#02007
Schooner Mary Ann (MacEdward Leach)
See also: Bound Down To Newfoundland (Leach)
And also: Bound Down For Newfoundland
(Ryan's Fancy)

Ye landsmen that live on the land,
It's little do ye know,
What we poor seamen do endure
When the stormy winds do blow;
On St Patrick's Day, we sailed away
In the schooner Mary Ann,
We left New York, our native homes,
Bound down to Newfoundland.

Morning service it being o'er,
We boldly slipped our lines,
The Statue of Liberty
In New York, we left behind;
We crowded canvas fore and aft,
As you may understand,
And left our homes and sailed away,
Bound down to Newfoundland.

Our captain being a young man
Scarce nineteen years in life,
Three weeks before he left the shore
He married a loving wife;
But little did she ever think
As she let go his hand,
Her husband she no more would see
When he sailed for Newfoundland.

We had scarce been three days sailing,
When in his cabin lay,
He called his mate down aft to him,
Those words to him did say:
"I'm taken down by some disease,
As you may understand,
To you, my mate, I'll give full charge,
Going down to Newfoundland.

"When you reach some distant port
On the Nova Scotia shore,
Give me a decent burial,
Of you, I'll ask no more;
And when you reach New York again
My death you can make known,
I'm dying and I'll be a loss
To my once happy home."

With heavy hearts we set our sail,
His orders to obey,
We made the land quite early,
All on that self-same day;
At three o'clock in the afternoon,
As you may understand,
As the narrows shot, our captain died,
Going down to Newfoundland.

Doctors they were sent for,
Our case for to make known,
Smallpox on board were raging,
The same to us he told;
And on the following afternoon,
Four more were sent on shore,
May the Lord have mercy on their souls,
We'll never see them no more.

Out of eight brave youths that left New York,
Only three of them returned,
Their mothers, wives, and sweethearts
Are left at home to mourn;
And when I reach New York again,
I will get work on shore,
I'll learn to lead a landsman's life
And go to sea no more.

####.... Variant of a late 19th-century native American ballad authored by Captain Cale White, Bound Down To Newfoundland [Laws D22] Native American Balladry (G Malcolm Laws, 1964) ....####

Collected in 1951 from Francis (Frank) Knox [1918-?] of St Shott's, NL, and published in MacEdward Leach And The Songs Of Atlantic Canada © 2004 Memorial University of Newfoundland Folklore and Language Archive (MUNFLA).
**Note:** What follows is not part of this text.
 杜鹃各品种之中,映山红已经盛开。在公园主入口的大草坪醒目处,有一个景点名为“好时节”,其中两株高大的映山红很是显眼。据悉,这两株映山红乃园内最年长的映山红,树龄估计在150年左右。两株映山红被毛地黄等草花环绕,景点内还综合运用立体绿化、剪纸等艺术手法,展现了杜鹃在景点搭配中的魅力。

A variant was also collected by MacEdward Leach in 1950 from James Maher [1885-1969] of Flatrock, NL, and published as Bound Down To Newfoundland in MacEdward Leach And The Songs Of Atlantic Canada © 2004 Memorial University of Newfoundland Folklore and Language Archive (MUNFLA).
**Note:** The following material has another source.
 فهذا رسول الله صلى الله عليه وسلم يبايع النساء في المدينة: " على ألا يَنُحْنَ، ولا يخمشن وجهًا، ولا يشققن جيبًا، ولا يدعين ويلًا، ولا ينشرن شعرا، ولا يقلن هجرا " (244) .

Another variant was collected in 1958 from Clarence Bennett [1926-1993] of St Paul's NL, by Kenneth Peacock and published in Songs Of The Newfoundland Outports, Volume 3, pp.905-906, by the National Museum of Canada (1965) Crown Copyrights Reserved.
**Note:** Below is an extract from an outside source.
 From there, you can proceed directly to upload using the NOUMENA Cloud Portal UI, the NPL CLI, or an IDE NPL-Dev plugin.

A variant was also collected by Helen Creighton [1899-1989] and published as Bound Down For Newfoundland in Songs And Ballads From Nova Scotia (Dent, 1932; Dover 1966).

And yet another variant was collected in 1977 from John Hayman [1903-?] of Ramea, NL, by Genevieve Lehr and Anita Best and published as #73, The Schooner Mary Ann, in Come And I Will Sing You: A Newfoundland Songbook, pp.126-127, edited by Genevieve Lehr (University of Toronto Press © 1985/2003).

Genevieve Lehr noted that this song was composed after 1886, the year the Statue of Liberty was erected. Lehr also noted that in some collections this song is assumed to be a native ballad while in others it is considered to be American.

A variant was recorded as Bound Down For Newfoundland by Ryan's Fancy on their first album, a re-release of the album Sullivan's Gypsies (Ryan's Fancy Sung By Sullivan's Gypsies, trk#3, 1970, Harmony/Columbia Records, Toronto, Ontario).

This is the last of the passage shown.